A Tough Nut to Crack
Emily Dobry ‘20 and Bryan Hed
Scientists at Penn State research facility contribute to effort to revive the American chestnut If you were to design the perfect tree, it would be the American chestnut. It was known to grow tall and straight and be rot-resistant, making it prized at one time for lumber, furniture, and musical instruments. Despite its tremendous size, once felled, it could be easily split. It was also prolific, sending up new shoots that grew fast. The average mature American chestnut tree could be up to 100 feet tall and 4 to 7 feet thick at the trunk.

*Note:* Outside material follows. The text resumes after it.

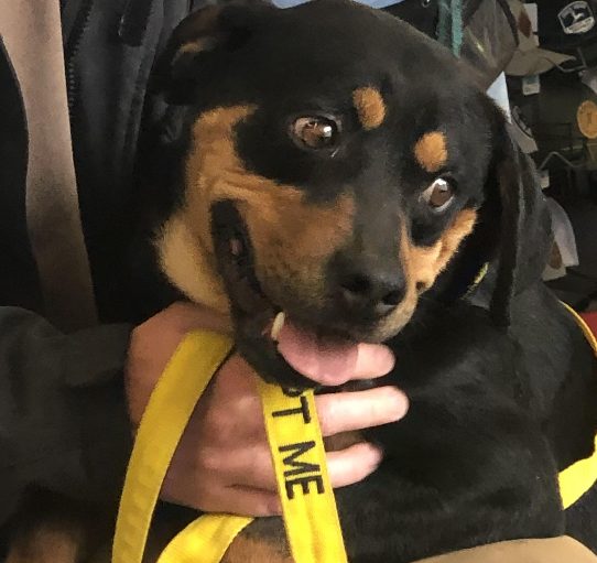 Say hello to Pilot! While this proud pup may look like a Rottweiler, he is a year old and still weighs 35-40 pounds. Additionally, he retains both the same look and sense of playfulness. He gets excited and stands on his hind legs when he sees his favorite people.

A healthy specimen might be expected to live for 400 to 600 years and produce several bushels of nuts each year, literally raining down food for humans and animals. In the early 1900s, this majestic species made up a substantial portion of the eastern hardwood forests. There were almost 4 billion American chestnut trees in the United States until a fungal pathogen transported on chestnut trees imported from Japan and China wiped the species out in less than forty years. It is considered to be the greatest ecological disaster to ever strike the world’s forests.

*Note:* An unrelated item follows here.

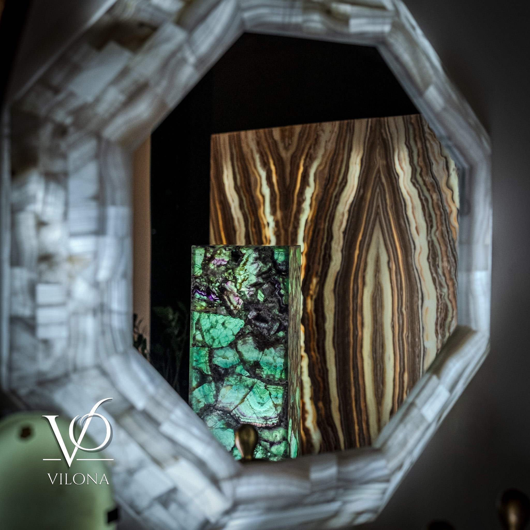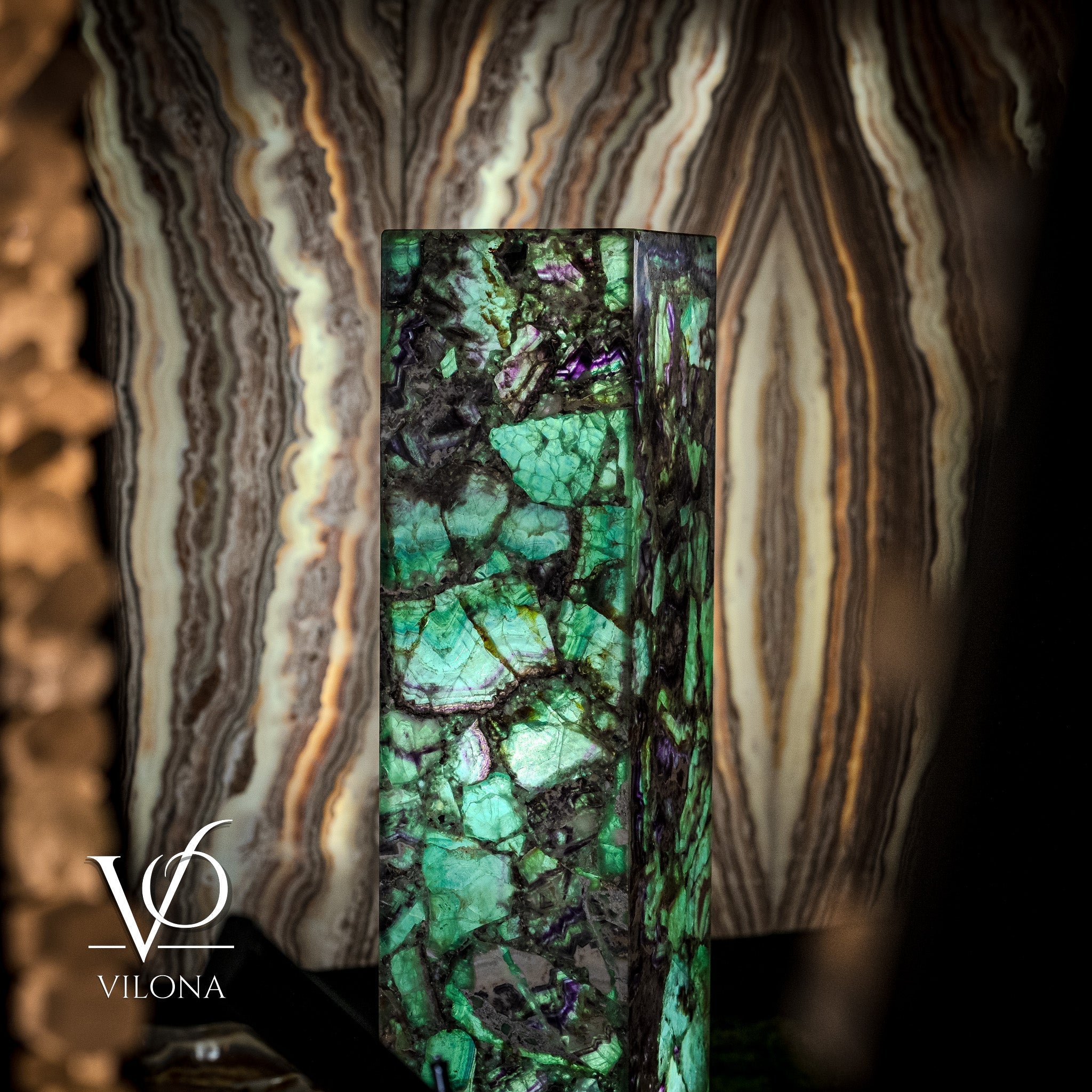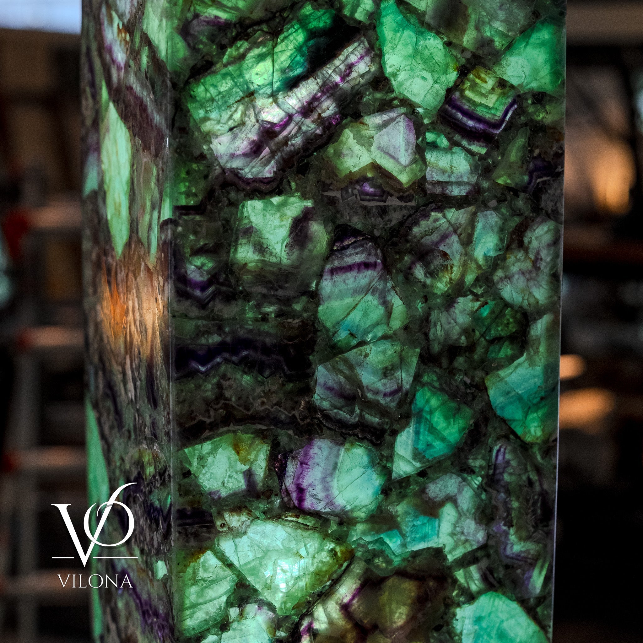 Say hello to our Fluorite Towers Collection - handmade art pieces by the Vilona family. We've made some beautiful lamps and bowls from bright green fluorite and deep onyx stone, which we get from our trusted quarry of 45 years.
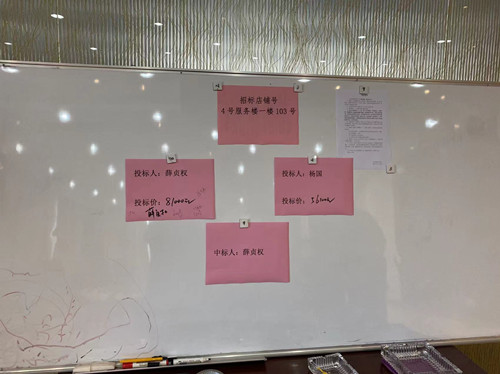招標會議上,干貨交易區副經理顧志勇首先詳細介紹了本次招標會的要求、參與招標會的工作人員及關于招標會議的紀律等情況,簡要介紹了該空置店鋪的房屋結構、面積及地理位置等基本概況,由參與本次競標的客戶在投標須知上簽字確認收回后發放報價單開始填寫各自報價;開標前,由監標人何岸芷確定各競標人員的報價單完好無損后當眾拆封,唱標人吳珍鳳唱標,記標人王曉翠在白板上進行記錄,經過公示確定最終中標人,并由參與此次招標會議的人員在中標書上逐一簽字確認,保證了本次競標活動的公平公正。

SMALLPOX FOR TREES “The pathogen is native to Chinese and Japanese chestnuts, so the two co-evolved, but the American chestnut had never been exposed to it before and had little natural resistance to it,” 18
said Emily Dobry ’20, a student in Penn State’s Plant Sciences Horticulture master’s program who is doing research work at the University’s Lake Erie Regional Grape Research and Extension Center (LERGREC) in North East, Pa. “Think smallpox for trees.” Today, there are fewer than 1,000 American chestnut trees, largely in isolated areas outside of the tree’s historical range in the eastern half of the United States, along the Appalachian mountain ridge and through New England. A few of them can be found at LERGREC, where researchers have been conducting a trial since 2013 with fifteen chestnut trees—five each of the American, Chinese, and AmericanChinese hybrid species developed by scientists, all planted in one long row. “The idea was to plant American and Chinese chestnuts side by side with some of the hybrids that have been developed and allow them to be challenged with chestnut blight over the years,” said LERGREC’s Bryan Hed, a plant pathologist. “Over the years, most of the trees have suffered dieback from disease, insects, or weather, and have had to be cut back and renewed from sucker growth from the original rootstock,” Hed said. “Interestingly, the Chinese trees have fared the worst. The hybrid trees are notable exceptions; three of them are currently 17 to 21 feet in height.”